TimeBank-Dense annotates all event pairs within a local window, revealing approximately 40% of relations are "vague."
SUTime achieves approximately 90% F1 on TIMEX3 recognition; BERT-based systems reach approximately 90-92% F1.
End-to-end temporal relation extraction (TempEval-3): best system approximately 36% F1, demonstrating the difficulty of the full pipeline.
Inter-annotator agreement on temporal relations ranges from approximately 65% to 80% depending on the scheme and relation type.
Clinical TempEval systems achieve approximately 74% F1 on CONTAINS relation identification in clinical narratives.
MATRES (Ning et al., 2018) simplifies temporal annotation to multi-axis relations, improving agreement to approximately 84%.

Common Misconceptions

"Temporal reasoning is just named entity recognition for dates." Recognizing and normalizing temporal expressions is only the first step. The harder problem is determining how events relate temporally -- which happened first, which overlaps, which caused which -- and constructing a globally consistent timeline.

"Verb tense directly tells you temporal ordering." Tense provides clues but is not deterministic. "She said she would go" uses future tense ("would go") but describes a past utterance. Past perfect ("had gone") typically indicates anteriority but can be used for politeness ("I had wanted to ask you..."). Discourse conventions and world knowledge often override tense-based heuristics.

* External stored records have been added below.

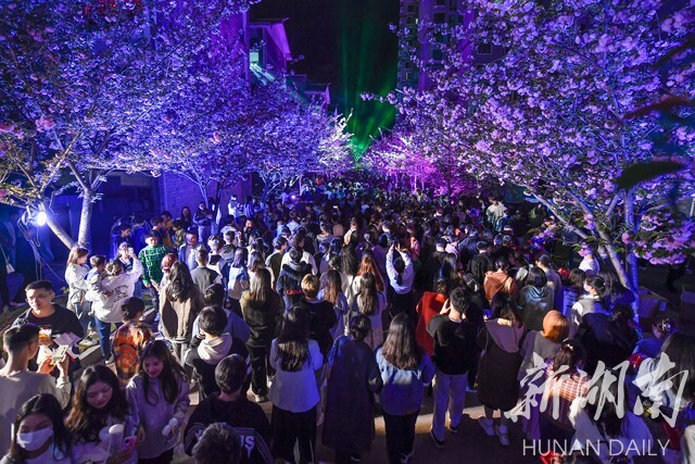 樱花路上,整条街道在精心设置的灯光下变得绚丽多彩,光影相错,让樱花更加娇艳动人。伴随着动感的音乐,师生们一起舞动起来,营造了一种欢乐祥和的节庆氛围。而本次活动了还采用了微信公众号线上直播的方式,许多已经毕业的校友纷纷在弹幕留言,表示了对母校的怀念与祝贺。
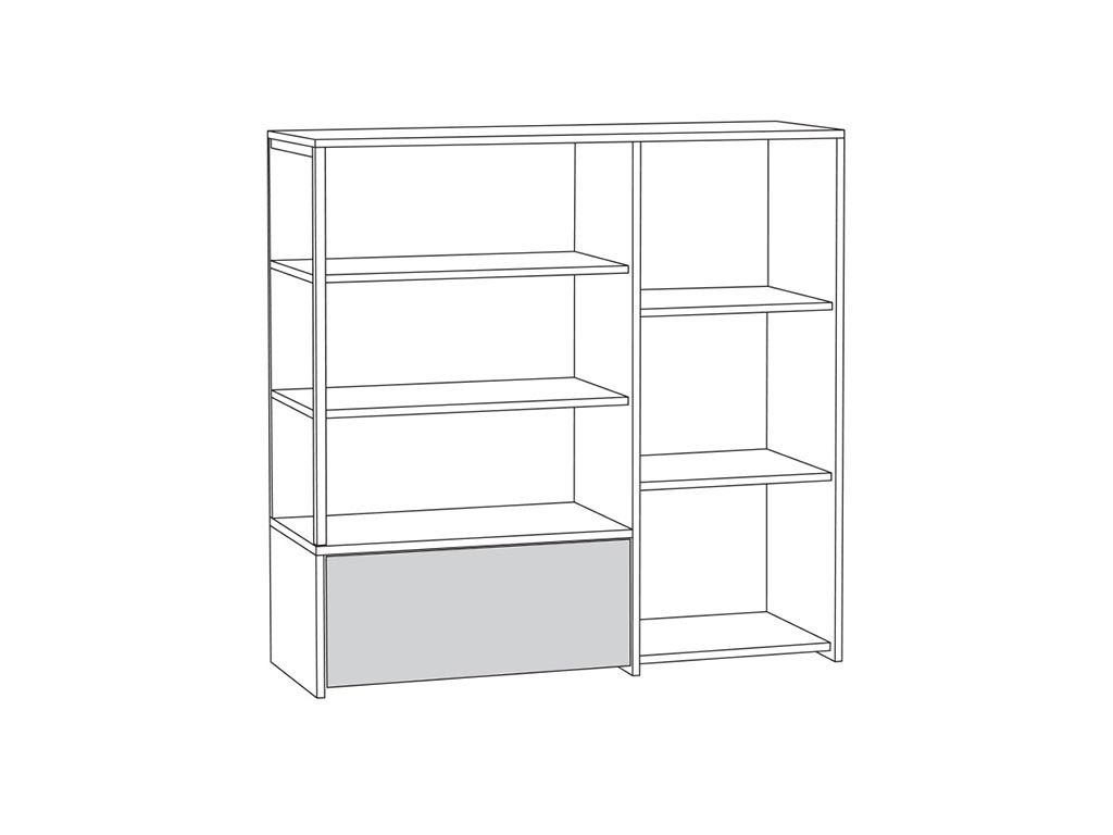 Конструкция с 3-я выдвижными ящиками для хранения и открытой полкой.
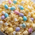 This Easter Candy Popcorn recipe combines the perfect balance of sweet and salty flavors, creating a festive and fun treat for spring celebrations. Featuring fluffy popped popcorn coated in melted butter and gooey marshmallows, then mixed with colorful Bunny Mix M&M’s and Hershey’s milk chocolate candy-coated eggs, this snack is easy to make and loved by kids and adults alike.
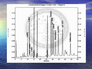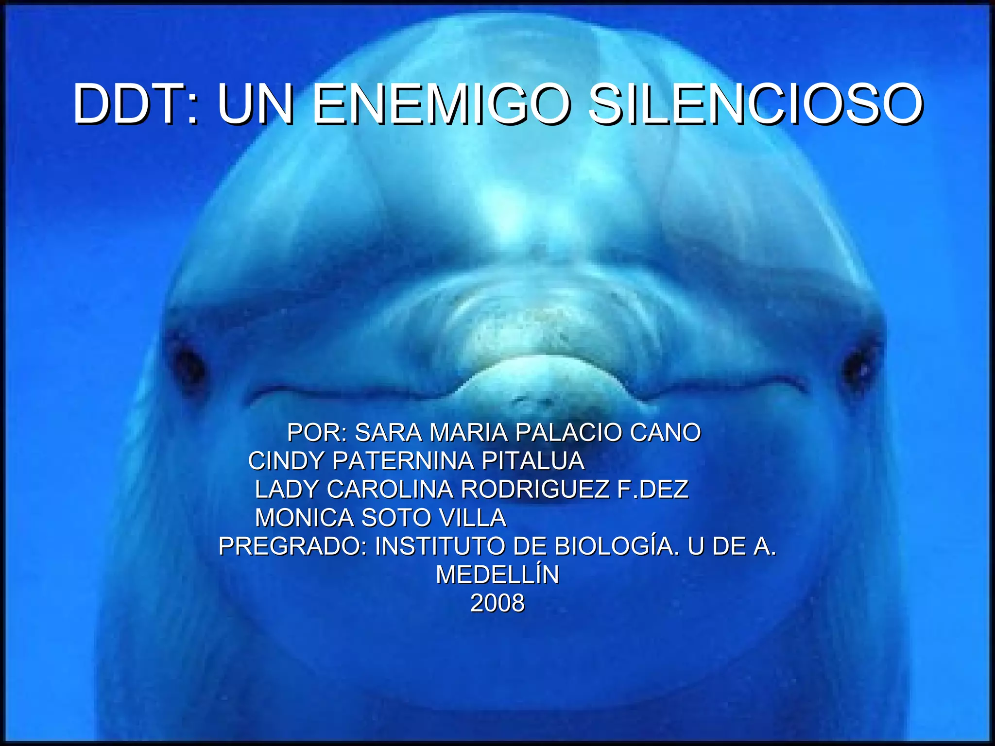 Este documento resume un estudio sobre los niveles de DDT y DDE en poblaciones humanas y animales en el archipiélago canario. El estudio encontró altos niveles de estos contaminantes orgánicos persistentes en delfines mulars debido a sus hábitos alimenticios costeros. También se detectó DDT y DDE en el 99% y 88% de las muestras de suero humano respectivamente, siendo mayores los niveles en mujeres mayores de 20 años de islas con mayor actividad agrícola. Los autores concluy
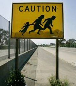This sign on the highway is really an advertisement for XMen 3: Caution: Shape Changer Mutant May Turn From Little Girl Into Short Man
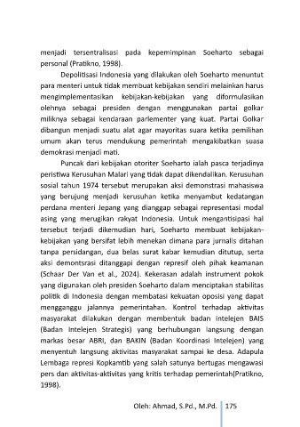 Depolitisasi Indonesia yang dilakukan oleh Soeharto menuntut

"If two events are mentioned in sequence, the first happened first." Narrative order does not equal temporal order. "The company went bankrupt. It had been losing money for years" presents the bankruptcy first even though the losses preceded it. Flashbacks, background information, and journalistic conventions frequently violate chronological ordering.

"Temporal reasoning is a solved preprocessing step." End-to-end temporal relation extraction remains one of the hardest structured prediction tasks in NLP. TempEval-3 best scores of approximately 36% F1 for the full pipeline are far from practical reliability, and even state-of-the-art neural models on simplified formulations (e.g., MATRES) achieve only approximately 80% F1.

Connections to Other Concepts

event-extraction.md covers the identification of events that temporal reasoning then orders and relates.
named-entity-recognition.md provides the foundation for recognizing temporal expressions as a type of named entity.
relation-extraction.md shares techniques with temporal relation classification -- both predict typed relationships between spans.
commonsense-reasoning.md supplies the world knowledge needed for implicit temporal inferences ("graduation before career").
information-extraction.md provides the broader pipeline context in which temporal reasoning operates.
negation-and-speculation-detection.md intersects with temporal reasoning in clinical NLP, where negated or speculative events must be distinguished from confirmed ones on timelines.
dependency-parsing.md provides syntactic structure that helps identify temporal signals and their scope.
coreference-resolution.md is needed to track the same event across multiple mentions before temporal ordering.